Хотя система афинского бытия была обезображена многими несовершенствами, никогда ранее не было развито столько энергии, добродетели и красоты; никогда слепая сила и упорная воля не были столь дисциплинированы и облагорожены, как в течение столетия, предшествовавшего смерти Сократа. Если ранние пифийские и додонские оракулы стремились закрепить национальное единство, усовершенствованная мудрость более поздних философов сделала многое для воспитания граждан. Немало греков, увенчанных лавром, украшали тогда различные стези светской и нравственной жизни. Весьма вероятно, что некоторые обманывали самих себя, когда не задумывалось никакого недостойного мошенничества. Живо осознавая призыв к какому-то великому призванию и ища в глубинах собственной несовершенной религиозности средства для его выполнения, они ощущали то, что казалось подлинным вдохновением, и принимали за голоса сверхъестественных существ то, что на самом деле было лишь побуждениями их собственного ума. Этому влиянию в значительной мере следует приписать многое из того, что есть в возвышенности Гомера, патриотизме Тиртея, энтузиазме Пиндара, ужасе Эсхила и нежности Софокла. Присутствие божественности было поистине столь осязаемым и непрерывным, что многие народы, неуязвимые для греческого оружия, восприняли ее прекрасную систему мифологии и с жаром заполняли ее храмы, дабы внимать ее священному наставлению. Молния поражает только родственную материю, которую она ищет и приветствует в яркости собственной вспышки; и точно так же великие и блистательные примеры пылают в благодатных сердцах, усиливают свою озаряющую силу по мере распространения и горят тем большим великолепием, чем шире они рассеиваются.

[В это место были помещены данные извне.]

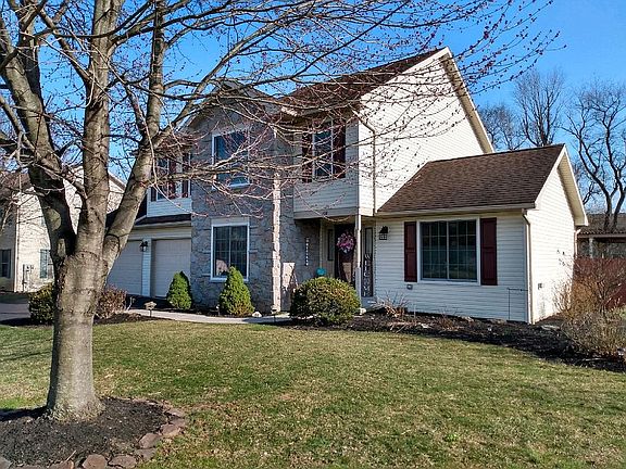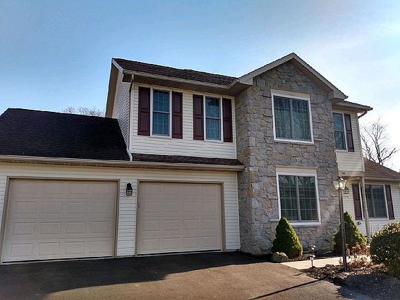 Welcome to this beautiful well maintained custom-built home located in the gorgeous Tree Line Development in the Northern Lebanon School District. Situated on almost half an acre, this three bedroom three bathroom home has everything you could ask for. As you enter the foyer you'll be greeted by a grand entranceway with cathedral ceilings and beautiful hardwood floors. The spacious floor plan features a bright eat-in kitchen with an island and pantry. The kitchen opens into a cozy family room with cathedral ceilings and a cast iron wood pellet stove surrounded by a brick hearth. The main level also includes a large dining room, a bathroom with laundry room, and an oversized two-car garage. The sliding glass doors off of the kitchen open to an entertainers dream! The backyard boasts a hot tub, a covered pergola and patio, and a gorgeous built-in brick fireplace, perfect for those outdoor gatherings. The oversized yard comes with a custom-built shed and plenty of space for a vegetable garden for those with green thumbs. The second level offers a large primary suite with an ensuite and a walk-in closet as well as two additional bedrooms and another full bath. Large unfinished basement provides ample storage space or can be transformed into a great family room, entertainment space, or office! Upgrades include brand new Anderson windows throughout, new hybrid hot water heater (2020), and newer HVAC. A short drive from Hershey Park and Lancaster. Convenient to Rt 22, I-78, I-81, and the PA Turnpike. This home will not last long. Schedule your showing today!
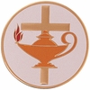 This variant of 2 inch in diameter insert medallion is etched on its front with an image of a lit lamp over a cross, with gold enameled detailing. The back of the medallion has a peel-and-stick feature for easy application, and can be fitted into any circular insert slot of the same size.
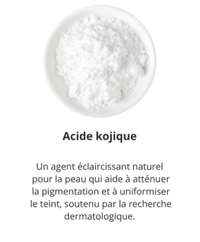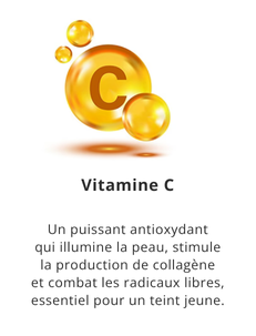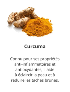 - Agents unifiants et anti-taches : Alpha-arbutine, curcuma, vitamine C.
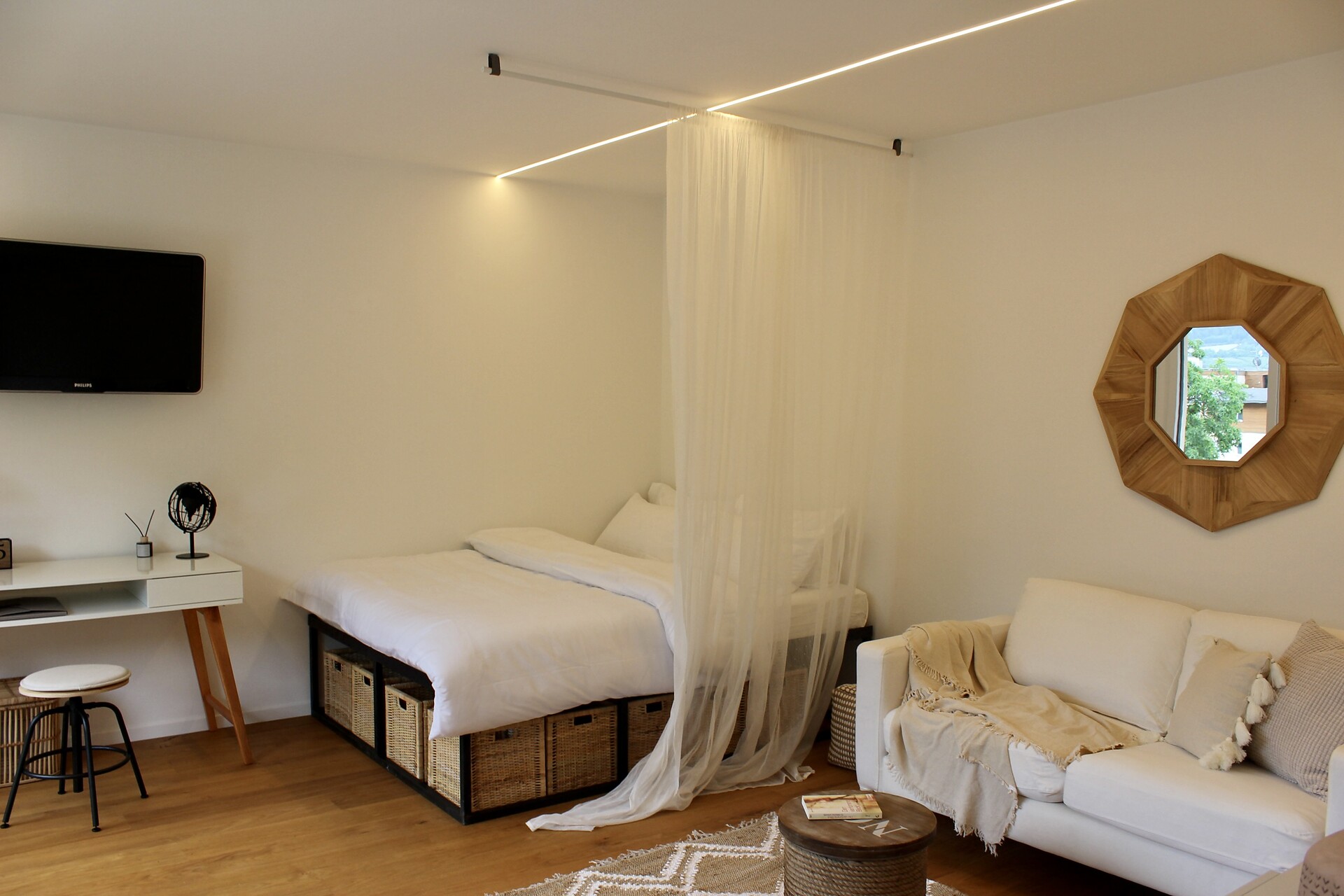 L'appartamento si trova in posizione centrale nel romantico paese di Naturno, a circa 15-20 minuti di auto dalla città di cura di Merano. Completamente ristrutturato con grande attenzione ai dettagli, l'appartamento offre una grande atmosfera e una fuga di sole ed è il punto di partenza ideale per escursioni, gite in montagna e in bicicletta. L'appartamento è suddiviso in ingresso, bagno, cucina, zona giorno con letto matrimoniale (1,60x2m), divano e tavolo da pranzo.
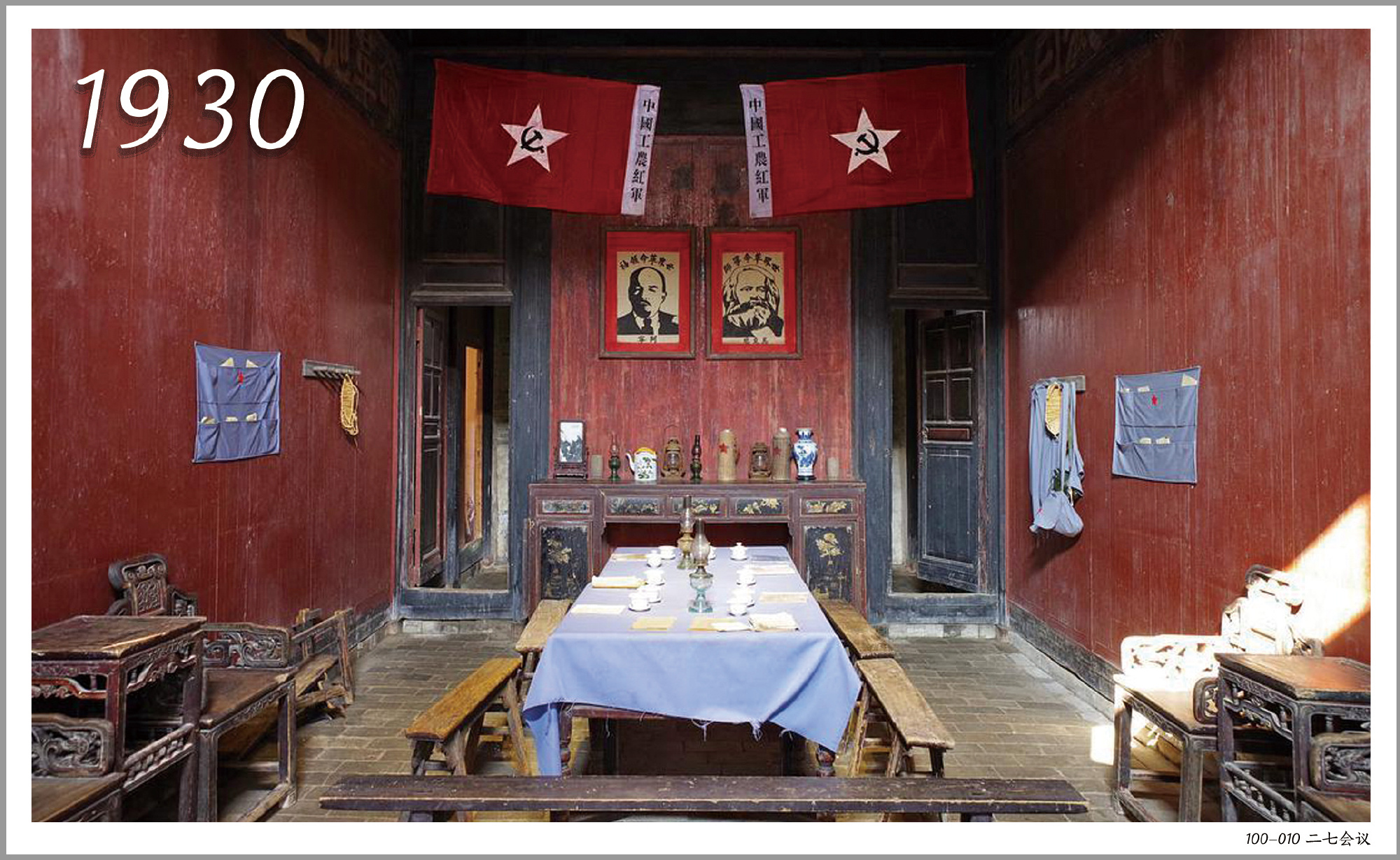 1930年2月7日,“二七會議”在江西吉安召開,毛澤東主持會議,會上成立了紅四、紅五、紅六軍的共同前委,并確定了黨深入土地革命、建立革命政權和發展工農武裝的任務。1930年成為中國共產黨戰略轉移的關鍵之年,黨開始以農村革命根據地為陣地,轟轟烈烈開展土地革命,步步為營掀起武裝斗爭,推動新民主主義革命走向復興。
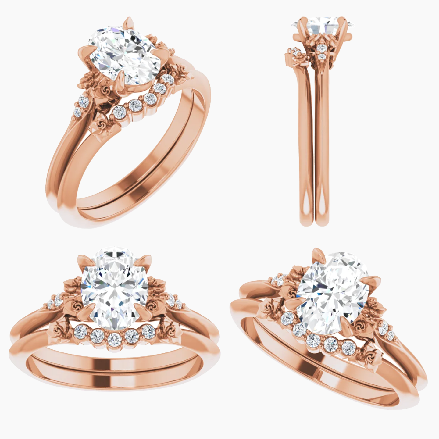 - This setting features rose and other nature inspired details with a little extra sparkle.
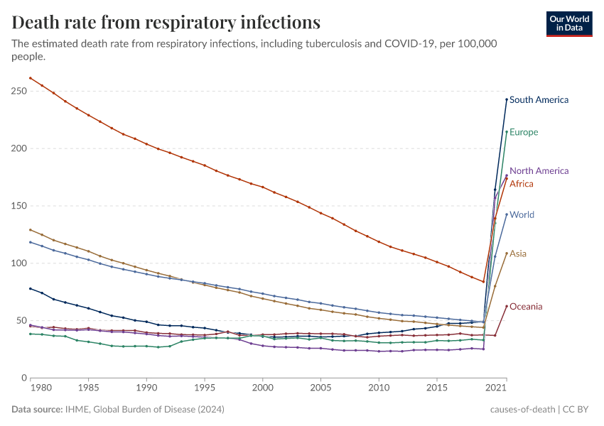 IHME, Global Burden of Disease (2024) – with minor processing by Our World in Data. “Death rate from respiratory infections” [dataset]. IHME, Global Burden of Disease, “Global Burden of Disease - Deaths and DALYs” [original data]. Retrieved June 5, 2025 from https://wdi-citations.owid.pages.dev/grapher/death-rate-from-respiratory-infections-gbd
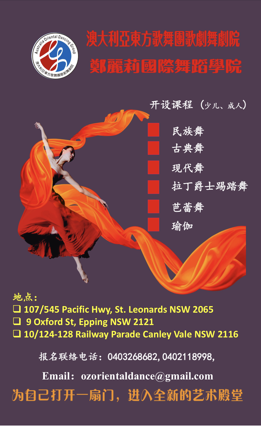 活动由澳洲东方歌舞团团长、郑丽莉国际舞蹈学院院长,被誉为“澳洲舞后”的郑丽莉女士导演并领衔表演
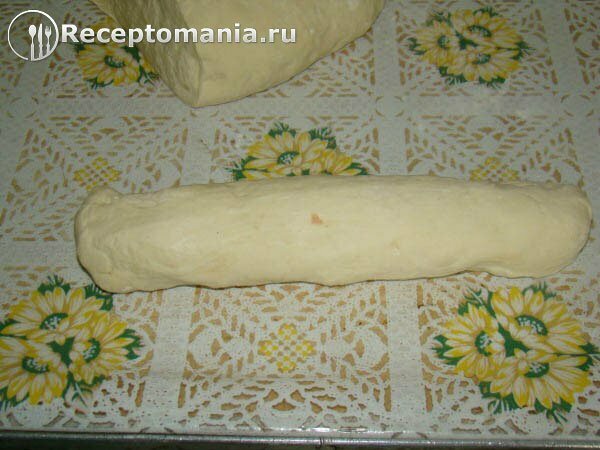 Отрезаем ¼ теста и делаем колбаску шириной примерно 5-6 см.
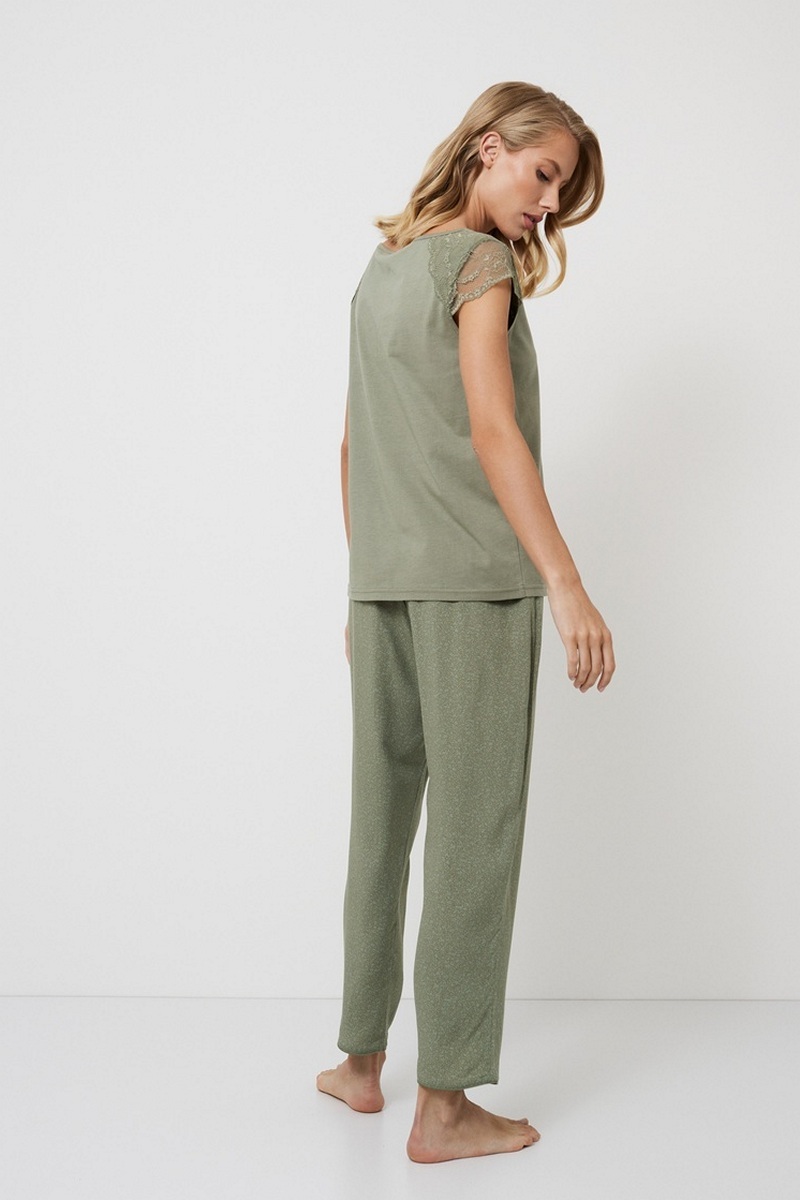Представляем вашему вниманию нашу очаровательную пижаму Odelia, в которой каждая деталь — восхитительный сюрприз, ожидающий своего открытия. Топ, сшитый из роскошной хлопково-модалной смеси в успокаивающем оливковом цвете. V-образный вырез и кружевные короткие рукава придают ему женственное очарование. Брюки длиной до щиколотки, сшитые из мягкой вискозы, дополнены регулируемым поясом-бантом и зелёной окантовкой. Они украшены очаровательным приглушённым абстрактным узором, который дополняет кружевные детали топа. Погрузитесь в очарование пижамы Odelia и испытайте новые ощущения от домашней одежды. Состав: футболка 50% хлопок, 50% модал; шорты 100% вискоза.
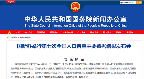 國務院新聞辦公室定于2021年5月11日(星期二)上午10時舉行新聞發(fā)布會,請國務院第七次全國人口普查領導小組副組長、國家統(tǒng)計局局長寧吉喆,國務院第七次全國人口普查領導小組辦公室主任、國家統(tǒng)計局副局長李曉超,國務院第七次全國人口普查領導小組辦公室副主任、國家統(tǒng)計局總統(tǒng)計師曾玉平,國務院第七次全國人口普查領導小組辦公室副主任、國家統(tǒng)計局人口和就業(yè)統(tǒng)計司司長張毅介紹第七次全國人口普查主要數(shù)據(jù)結果,并答記者問。
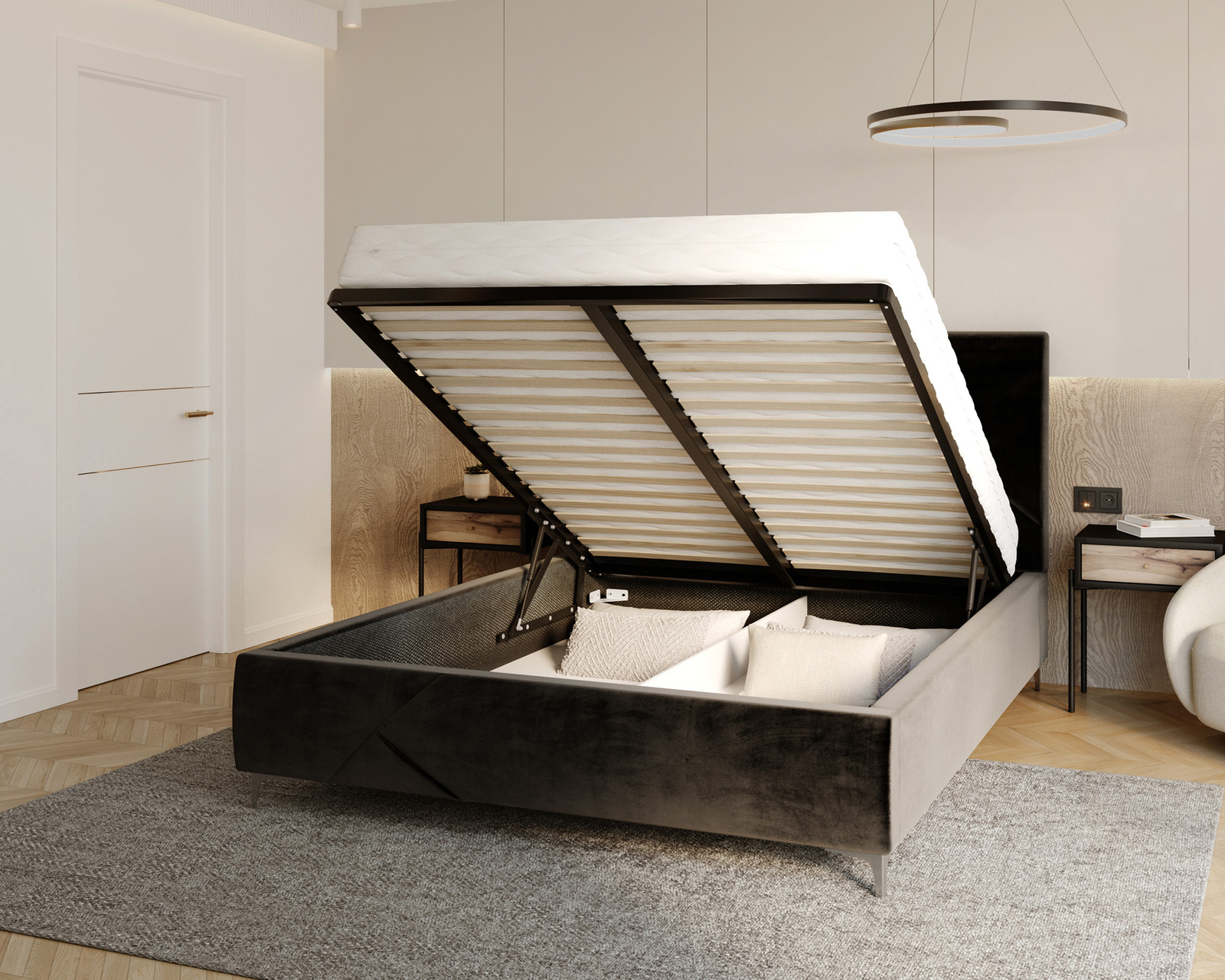 ✅Wyposażone w pojemnik na pościel, NAVARO oferuje dodatkową przestrzeń do przechowywania, co jest niezastąpionym atutem w organizowaniu przestrzeni w sypialni.

Наиболее мыслящие люди среди древних, по-видимому, остро ощущали, что земли и времени недостаточно для полного раскрытия человеческой души. В человеке, этом микрокосме, они признавали Вселенную и ее Творца, но лишь сквозь очень несовершенное стекло. Им требовался более ясный свет, свет истинного Бога, чтобы заполнить внутреннюю бездну и открыть им вечность, дабы они могли воочию познать всю необъятность своего духовного существа. Жизненные семена, которые Всевышний щедрой рукой бросил в новосотворенную землю и которые принесли еще не все свои плоды, в Аттике взошли с удивительным изобилием, но жатва эта была жатвой красоты, а не святости. Роса Ермона, вечное солнце Сиона, преображающее и смягчающее дыхание Иеговы всегда необходимы для развития высших способностей души и извлечения освященного плода из тех могучих сил, которые — на благо или на беду — дремлют в каждой смертной груди и не могут умереть. Поэтическое идолопоклонство Греции часто наделяется в глазах энтузиастов классической древности волшебной красотой; однако вдумчивый читатель истории то и дело натыкается на отрезвляющие факты — как, например, то, что Фемистокл, освободитель своей родины, принес в жертву трех юношей, чтобы склонить на свою сторону милость своих богов. Высшее Существо номинально признавалось; и хотя это учение было фактически разрушено допущением второстепенных божеств к разделению обязанностей в хвалебных песнопениях и молитвах, все же оно было лучше абсолютного атеизма. Столб облачный днем и столб огненный ночью, видимые ясно или смутно, никогда не переставали вести авангард движущегося вперед человечества. Уже то было важно, что голоса хвалы, смирения и молитвы возносились к некому объекту в публичном богослужении, и тем самым религиозные чувства поддерживались живыми в стремящихся душах. Можно лишь сожалеть, что наиболее просвещенные из древних народов не обладали более чистым религиозным светом и не ценили его; пуще же всего вызывают скорбь и предостережение те факты, что если во времена Гомера социальная мораль была скверной, то в эпоху Перикла она стала еще хуже. Когда афинская жизнь достигла наитончайшего лоска, а человеческий интеллект — богатейшей дисциплины, именно тогда общественные святилища опустели больше всего, а частная добродетель пала ниже всего.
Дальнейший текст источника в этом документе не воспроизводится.